You do use leading zeros for “floating point” binary numbers:
on the left side of the “binary point”, each digit is worth 2[sup]0[/sup], 2[sup]1[/sup], as Cunctator said. On the right side, each digit is worth 2[sup]-1[/sup], 2[sup]-2[/sup], etc.
For example,
0.5 = 0.1
0.75 = 0.11
0.125 = 0.001
3.14159 = 11.0010010000110…
For numbers with a binary point, the leading zeros matter just like with decimal numbers.
Arjuna34
PS - lets not get into whether 1.0 = 0.1111111… binary!
Binary per se does not have to use leading 0s, so your second choice is correct. If you are representing the contents of storage of a certain size (which does not have to be the native word size of a computer) then you would use leading 0s. And not just for binary - hex also.
A 32 bit binary word of
0000000111111010
would be
01fa in hex.
Same for octal, and any other base you’d choose.
Incidentally, “121” in any number base (bigger than binary, of course) is a perfect square, representing as it does: x[sup]2[/sup] + 2x + 1 = (x+1)[sup]2[/sup].
Thus, in decimal, 121 = 11[sup]2[/sup]
Hexadecimal 121 = 289 decimal = 17[sup]2[/sup]
Octal 121 = 81 decimal = 9[sup]2[/sup] and so forth.
1331 is always a cube, too.
If it interests you much, you can get a binary clock. Coincidentally, the place where I work just hired a new employee, and he brought one of these to work last week.
Yes. For example:
Internally, within a computer, you mean? Probably not much.
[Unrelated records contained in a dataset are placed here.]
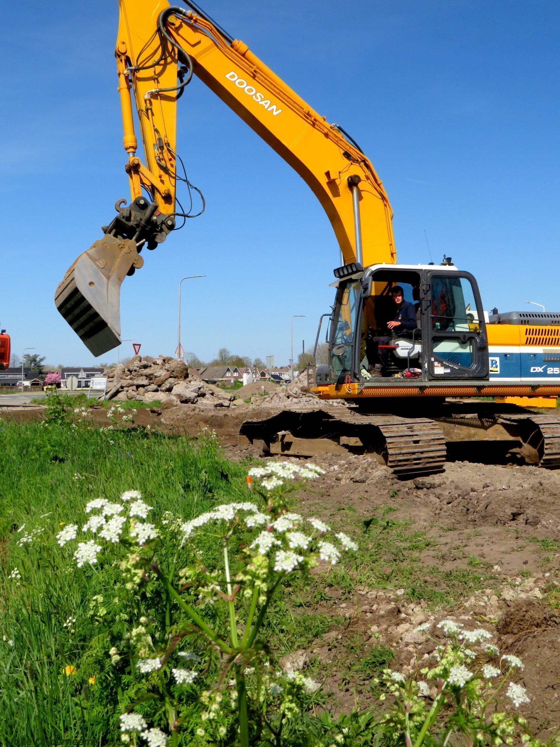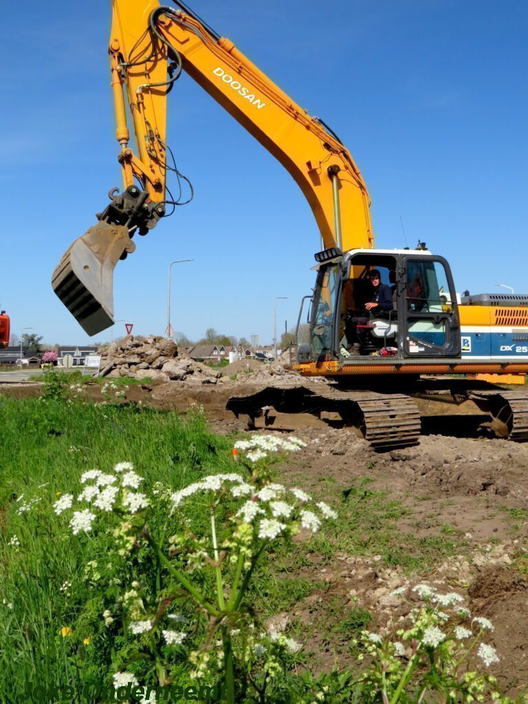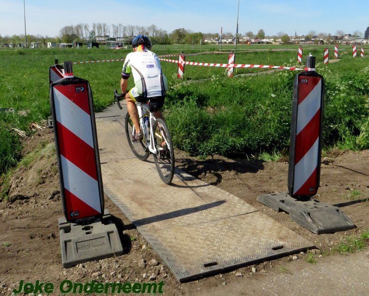 Vandaag dus de eerste dag op deze plek aan de Krommesteeg waar de eerste duiker zal komen. De verkeersborden zijn geplaatst voor de omleidingsroutes , en het noodfietspad is aangelegd en dat lijkt wel een toeristische route door de weilanden. Daar wordt dankbaar gebruik van gemaakt !
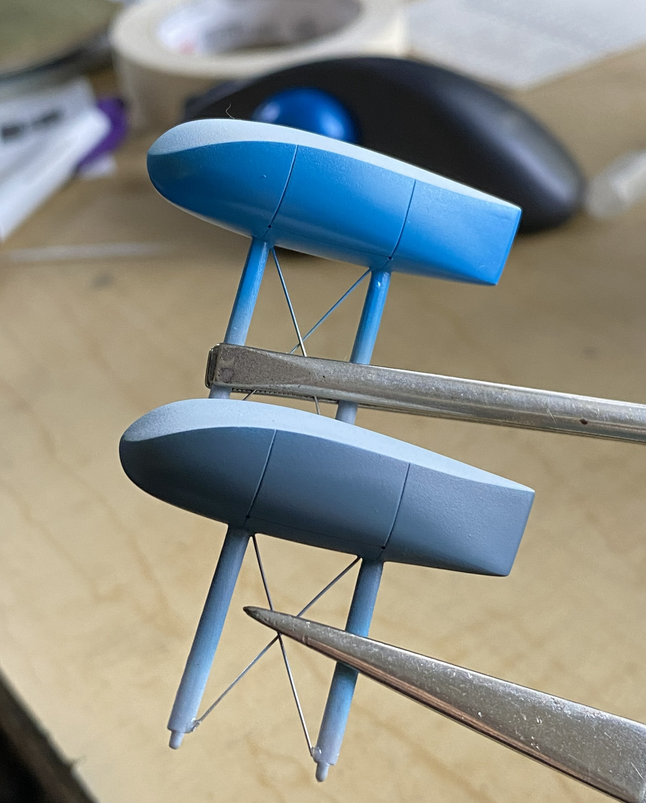 When the paint arrived, XF-18 Medium Blue, I started the repainting with the floats. I’m sure you can figure out which was the before and which is the after: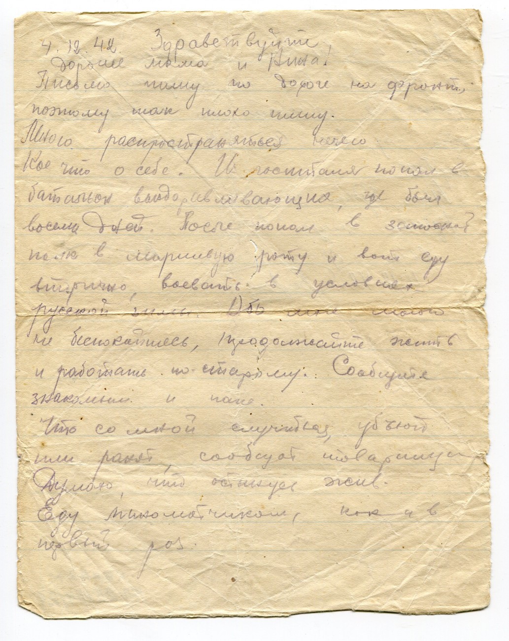 Письмо В.А. Богданова родным. 04.12.1942
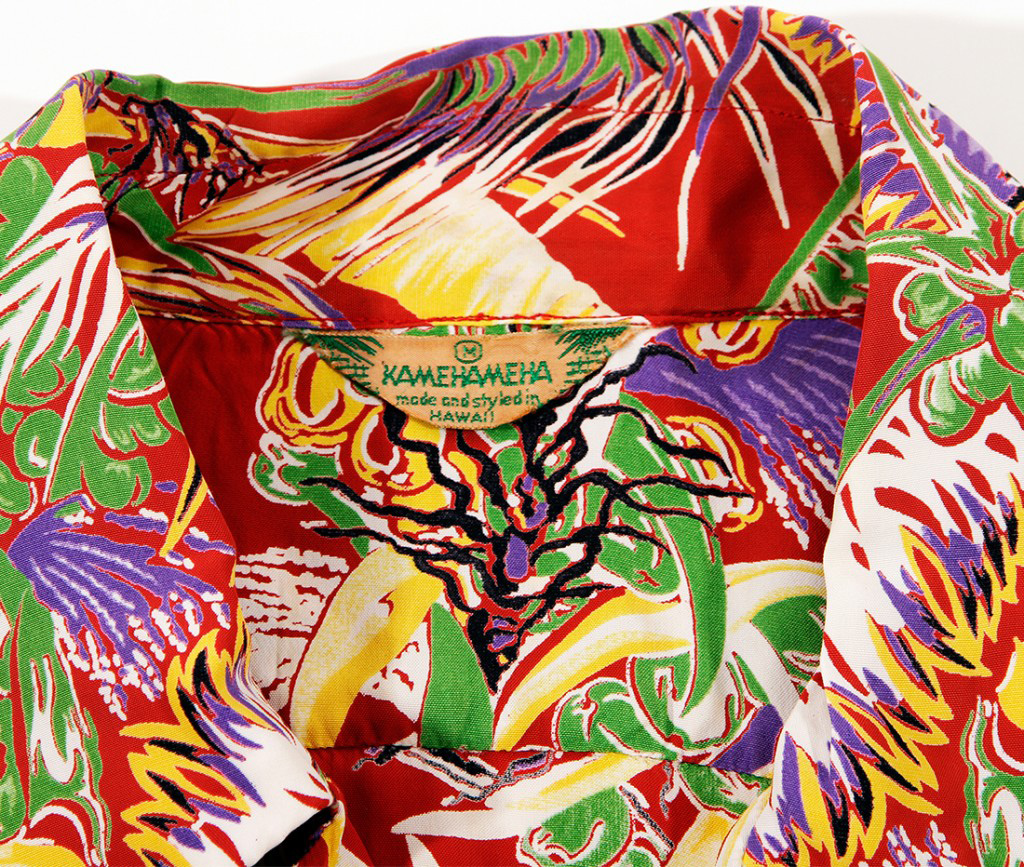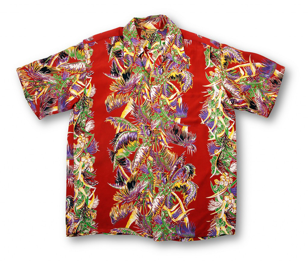 Two rows of coconut tree elements with a solid border separate the larger row with the smaller row of elements. The larger row comes together on each of the shirt fronts, creating a wide band while the smaller rows line up perfectly on the side seams. Bending trunks, clusters of coconuts, and colorful fronds are all interconnected in this two-way design. Kamehameha did many beautiful border prints inspired by the flora and fauna of Hawaii.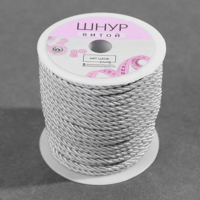 Шнур витой, d=3 мм, 25±1 м, цвет серебряный — Характеристики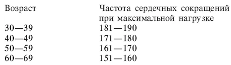 Важным фактором, определяющим эффективность занятий тайцзицюань, является интенсивность физической нагрузки, определяемой по частоте сердечных сокращений. Зона оздоровительного воздействия физической нагрузки соответствует 60–80 % максимальной частоты сердечных сокращений для каждого возраста. Предельно допустимую норму нагрузки можно определить самостоятельно, отняв от 220 свой возраст. В таблице приведены максимальные частоты сердечных сокращений (ЧСС) для разных возрастных групп.

Yes. Most handheld calculators use BCD arithmetic. It’s also widely used in business applications and hardware-constrained systems that display/print numbers.
Mike Cowlishaw from IBM is probably the world’s top expert on decimal arithmetic. See http://www2.hursley.ibm.com/decimal/ for everything you ever wanted to know about decimal arithmetic.
Quoth Bryan Eckers:
More to the point, 121 = 11[sup]2[/sup] and 1331 = 11[sup]3[/sup] in every bases where those numbers are defined. 121(hex) = 289(dec), and 11(hex) = 17(dec). It’s also true that 100 = 10[sup]2[/sup] in every base, 14641 = 11[sup]4[/sup], and 15aa51 = 11[sup]5[/sup].
And pascal’s triangle strikes again. 
Quite aside from the leading-zeroes question, how could “00” ever follow “1”?
It’s not how binary works, but I see what Leibowitz was thinking. 00 follows 1 because 1 is the largest single binary digit, while 00 is the smallest string of two binary digits.
In other words, in this ordering we first have the single digits:
0
1
Then we have the binary strings with two digits:
00
01
10
11
Three digits:
000
001
010
011
100
101
110
111
Next come all the four digit sequences, and so on.
It’s a well-defined order on the set of all finite strings of binary digits, but it’s not the standard one.
Not standard for arithmetic, perhaps, but that sort of ordering is very convenient in proofs that certain sets (notably, the set of finite-length binary strings) are countable.
To be pedantic, that’s because the "standard"one isn’t really an order on the set of finite binary strings, it’s an order on the set of nonnegative integers. Which happen to be expressed in binary notation.